Task item – A verbatim copy is needed of the lines below from the one containing "XOXO clutch with" up to and including the one containing "如圖7所示, 將該機構分解成兩個四連桿機構, 并通過解析法求解鉸鏈彈簧L1的運動規(guī)律。", excluding pictures.

Input –
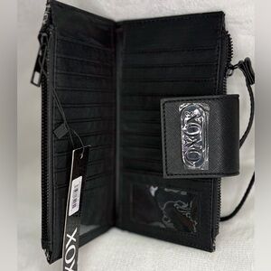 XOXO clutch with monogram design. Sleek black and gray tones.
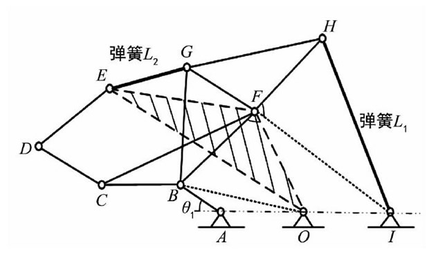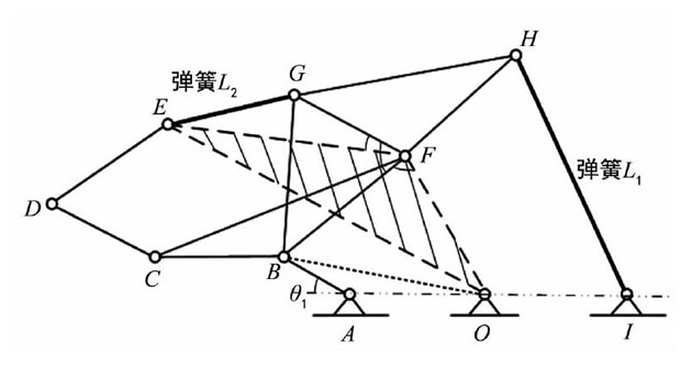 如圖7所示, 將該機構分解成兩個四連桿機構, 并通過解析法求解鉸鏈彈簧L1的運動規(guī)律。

...

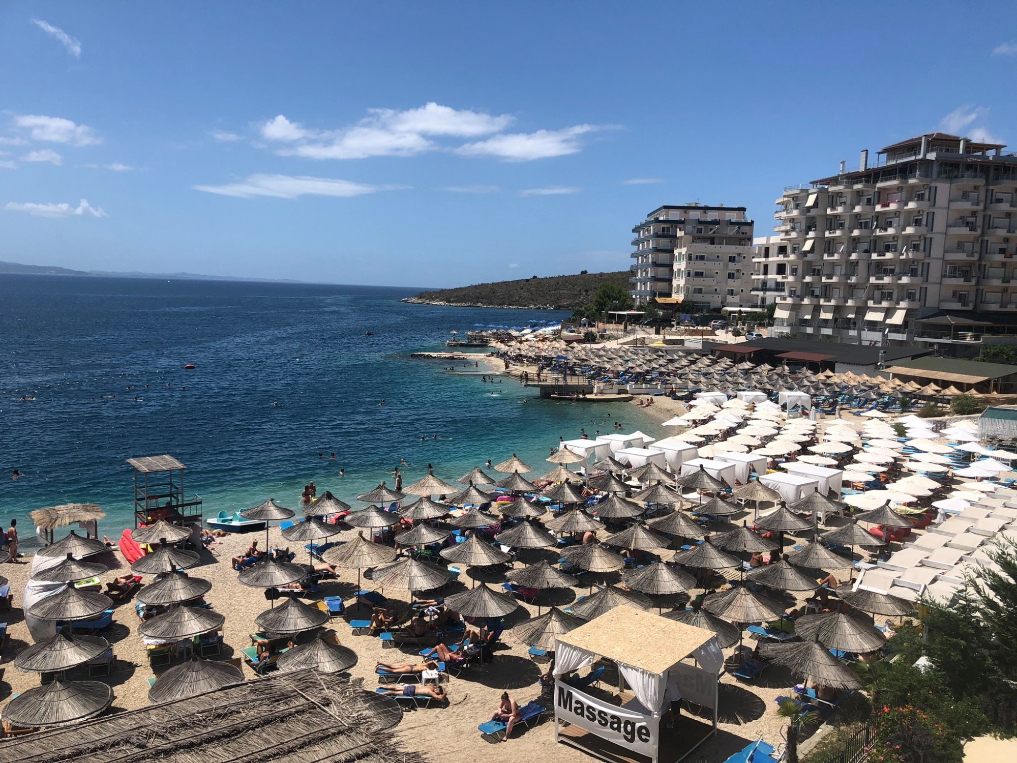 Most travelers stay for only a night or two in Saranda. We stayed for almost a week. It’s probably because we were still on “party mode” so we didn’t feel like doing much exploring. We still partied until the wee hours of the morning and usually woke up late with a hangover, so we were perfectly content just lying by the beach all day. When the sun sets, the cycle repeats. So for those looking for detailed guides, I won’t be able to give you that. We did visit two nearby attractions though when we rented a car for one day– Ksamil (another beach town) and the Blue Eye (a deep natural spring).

The completed task –
 XOXO clutch with monogram design. Sleek black and gray tones.
 如圖7所示, 將該機構分解成兩個四連桿機構, 并通過解析法求解鉸鏈彈簧L1的運動規(guī)律。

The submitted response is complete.